On the Amazon Redshift host, you need to perform some preparation of the destination database, first creating the database, and then creating the tables that are to be replicated. Setting up this process requires the configuration of a number of components outside of Tungsten Replicator in order to support the loading.

  • An existing Amazon Web Services (AWS) account, and either the AWS Access Key and Secret Key, or configured IAM Roles, required to interact with the account through the API. For information on creating IAM Roles, see Section 4.2.2.2, “Configuring Identity Access Management within AWS”

  • A configured Amazon S3 service. If the S3 service has not already been configured, visit the AWS console and sign up for the Amazon S3 service.

  • The s3cmd or the aws tools installed and configured. The s3cmd can be downloaded from s3cmd on s3tools.org.

    If using the s3cmd, you should then configure the command to automatically connect to the Amazon S3 service without requiring further authentication, the .s3cfg in the tungsten users home directory should be configured as follows:

    • Using Access Keys:

      [default]
      access_key = ACCESS_KEY
      secret_key = SECRET_KEY
    • Using IAM Roles: Leave values blank - copy example as is

      [default]
      access_key = 
      secret_key = 
      security_token =
  • Create an S3 bucket that will be used to hold the CSV files that are generated by the replicator. This can be achieved either through the web interface, or via the command-line, for example:

    shell> s3cmd mb s3://tungsten-csv
  • A running Redshift instance must be available, and the port and IP address of the Tungsten Cluster that will be replicating into Redshift must have been added to the Redshift instance security credentials.

    Make a note of the user and password that has been provided with access to the Redshift instance, as these will be needed when installing the applier. Also make a note of the Redshift instance address, as this will need to be provided to the applier configuration.

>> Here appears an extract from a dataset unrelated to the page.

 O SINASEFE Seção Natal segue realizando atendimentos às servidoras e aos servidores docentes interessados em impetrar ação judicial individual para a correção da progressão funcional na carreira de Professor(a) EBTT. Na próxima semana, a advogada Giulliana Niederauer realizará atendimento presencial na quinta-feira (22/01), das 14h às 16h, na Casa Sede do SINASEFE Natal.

  • Create an s3-config-servicename.json file based on the sample provided within cluster-home/samples/conf/s3-config-servicename.json within the Tungsten Replicator staging directory, or using the example below.

    Once created, the file will be copied into the /opt/continuent/share directory to be used by the batch applier script.

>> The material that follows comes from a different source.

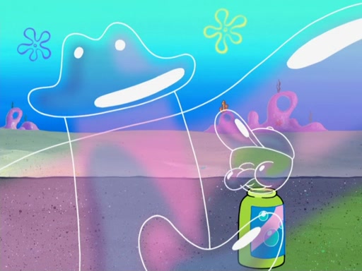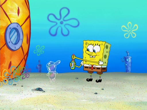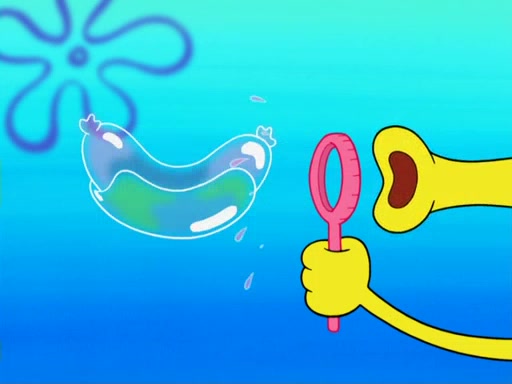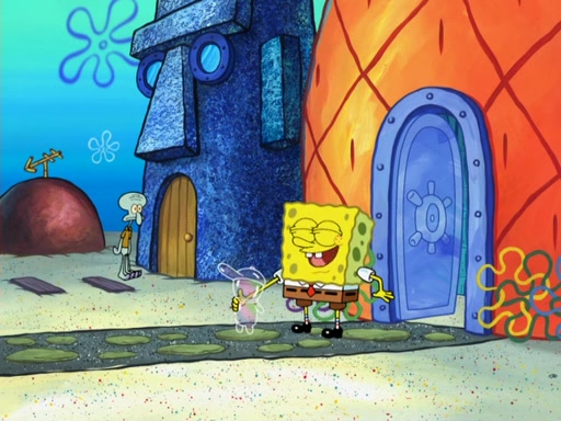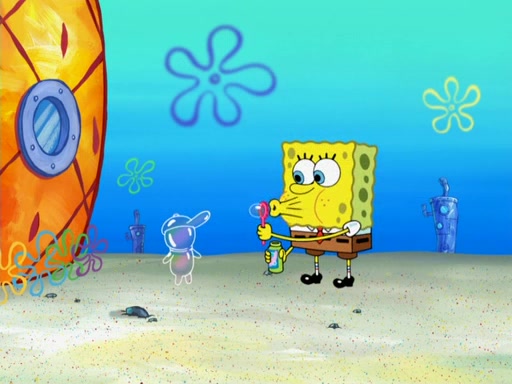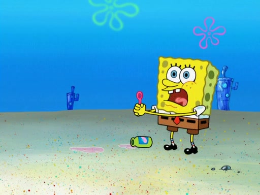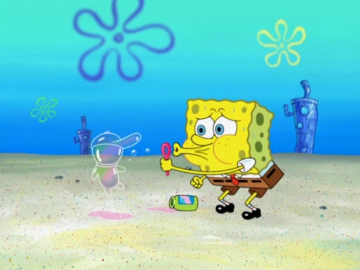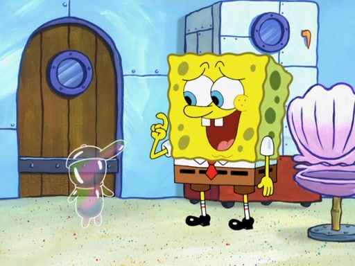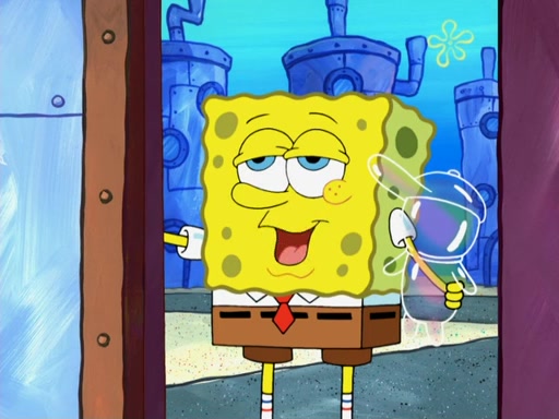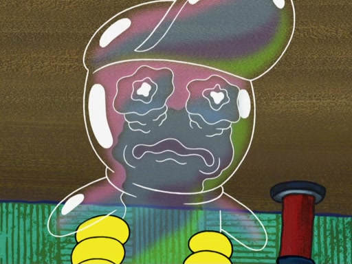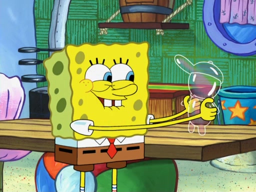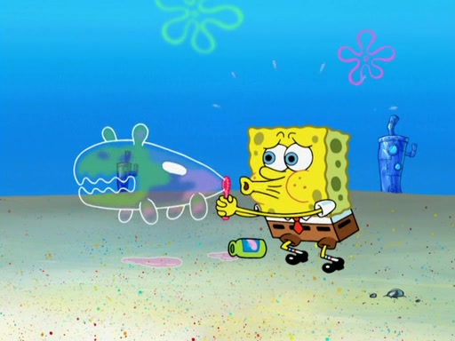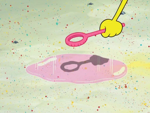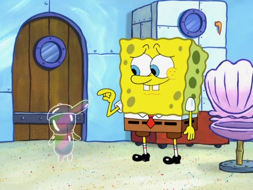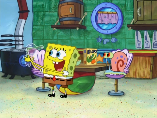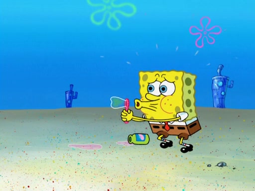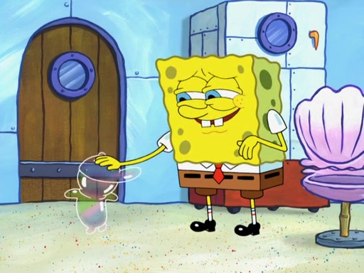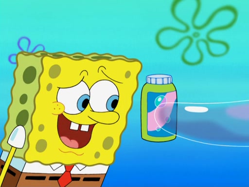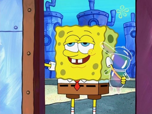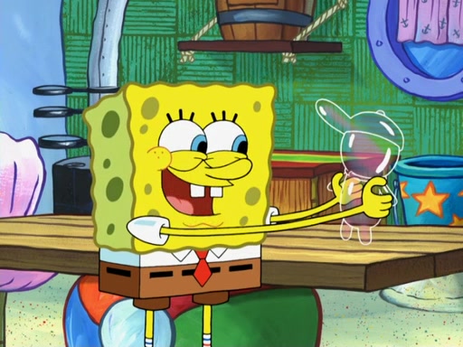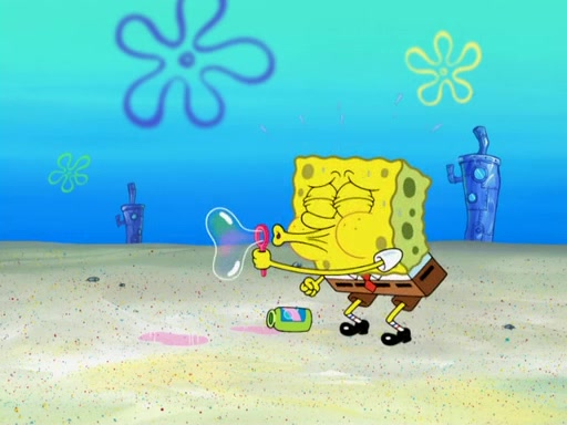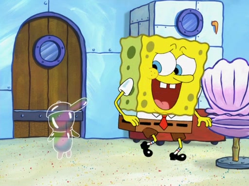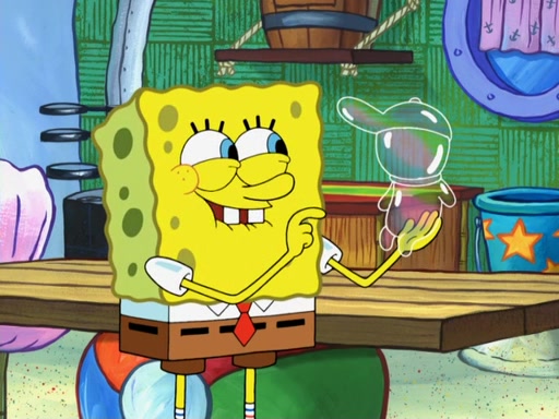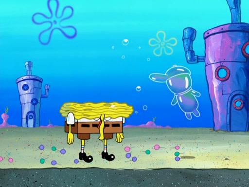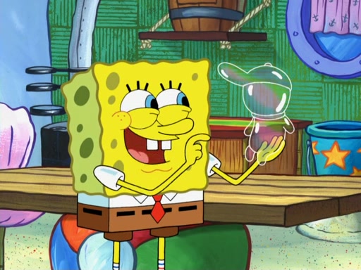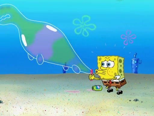 He went into the pin factory, the scissor works, and he went into the pitchfork pantry. Then, SpongeBob decided to go to the pillow foundry and he found out that was a dangerous place too. When they got home, he fed Shiny a hot dog. But then he popped, and SpongeBob had the bubble soap to repair him. Finally, when he blew another Shiny, he grew two heads. Then, Bubble Buddy came to his house to pick up Shiny. SpongeBob begins to apologize about Shiny, but Bubble Buddy says that it was okay, because sometimes, it had happened to Shiny. Then, he traps Shiny into a bottle of bubble soap. As they were leaving on a bubble plane, Shiny is normal again, blowing a raspberry out from the bottle and they went into the plane and flew away.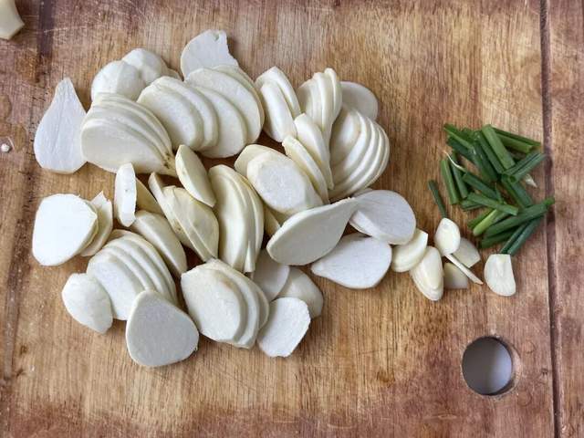 2、茨菇去皮后大御优配,切成薄片,水开下锅焯水2分钟左右,捞出来沥干水分备用;大蒜切片备用、葱段切段备用;

    If multiple services are being created, one file must be created for each service.

    The following example shows the use of Access and Secret Keys:

    {
      "awsS3Path" : "s3://your-bucket-for-redshift/redshift-test",
      "awsAccessKey" : "access-key-id",
      "awsSecretKey" : "secret-access-key",
      "cleanUpS3Files" : "true"
    }

    The following example shows the use of IAM Roles:

    {
      "awsS3Path" : "s3://your-bucket-for-redshift/redshift-test",
      "awsIAMRole" : "arn:iam-role",
      "cleanUpS3Files" : "true"
    }

    The allowed options for this file are as follows:

    • awsS3Path — the location within your S3 storage where files should be loaded.

    • awsAccessKey — the S3 access key to access your S3 storage. Not required if awsIAMRole is used.

    • awsSecretKey — the S3 secret key associated with the Access Key. Not required if awsIAMRole is used.

    • awsIAMRole — the IAM role configured to allow Redshift to interact with S3. Not required if awsAccessKey and awsSecretKey are in use.

    • multiServiceTarget (true/false) — to indicate if there are multiple appliers writing into the single Redshift Target, for example when the source is Tungsten Cluster Composite Active/Active or a Tungsten Replicator Fan-In Topology (Default: false).

    • singleLockTable (true/false) — to indicate the table lock behaviour when multiServiceTarget is true. Will be ignored if multiServiceTarget set to false (Default: true)

    • lockTablePrefix — the prefix for the lock tables when singleLockTable is false. (Default: lock_xxx_)

    • s3Binary — the binary to use for loading csv file up to S3. (Valid Values: s3cmd, s4cmd, aws) (Default: s3cmd)

    • cleanUpS3Files — a boolean value used to identify whether the CSV files loaded into S3 should be deleted after they have been imported and merged. If set to true, the files are automatically deleted once the files have been successfully imported into the Redshift staging tables. If set to false, files are not automatically removed.

    • gzipS3Files — setting to true will result in the csv files being gzipped prior to loading into S3 (Default: false)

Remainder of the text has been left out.